This is the quicksort pseudocode in place: (calling quicksort with l = 1 and r = array length)

 Quicksort(l,r) -------------- IF rl>=1 THEN choose pivot element x of {x_l,x_l+1,...,x_r-1,x_r} order the array-segment x_l,...x_r in such a way that all elements < x are on the left side of x // line 6 all elements > x are on the right side of x // line 7 let m be the position of x in the 'sorted' array (as said in the two lines above) Quicksort(l,m-1); Quicksort(m+1,r) FI 

Then, the average time complexity is analyzed, choosing "<" - comparisons in lines 6 and 7 as the dominant operation in this algorithm, and finally comes to the conclusion that the average time complexity is O (n log n). Since the cost of the string "orders the segment of the array x_l, ... x_r in such a way that ..." is not taken into account (only an important operation is important when analyzing the time complexity if you want to find the boundaries), I think "because it has to make two passes list when it breaks it, "this is not a problem, just as your version of Haskell will take about twice as much of this step. The same is true for the operation application, and I agree that this does not add anything to the asymptotic costs:

Since the addition and section still have linear time complexity, even if they are inefficient.
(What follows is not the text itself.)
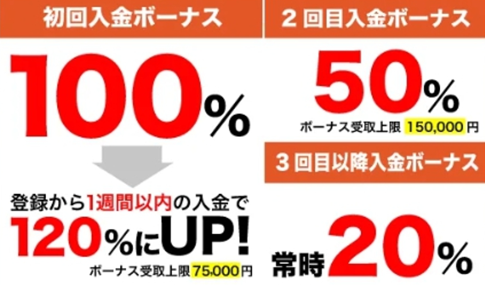 初回入金では120%、2回目で50%、3回目以降も20%のボーナスが付与され、合計で最大約300万円(20,000ドル)相当のクレジットを獲得できます。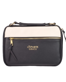 This is a black Bible cover with "Amazing Grace" embossed in gold on the front with a zipper pocket

For convenience, suppose this adds “n” to our time complexity costs, so that we have “O (n log n + n)”. Since there is a positive integer o so that n log n> n for all positive integers greater than o, it is true that you can evaluate n log n + n from above by 2 n log n and from below by n log n, therefore n log n + n = O (n log n).

In addition, the choice of the first element as a bar is not the best choice.

I think that the choice of the rotation element does not matter here, because in the average case analysis you assume a uniform distribution of elements in the array. You cannot know from which place in the array you should select it, and therefore you need to consider all these cases in which your rotation element (no matter where in the list you receive it) is the ith smallest element of your list, for i = 1 ... r.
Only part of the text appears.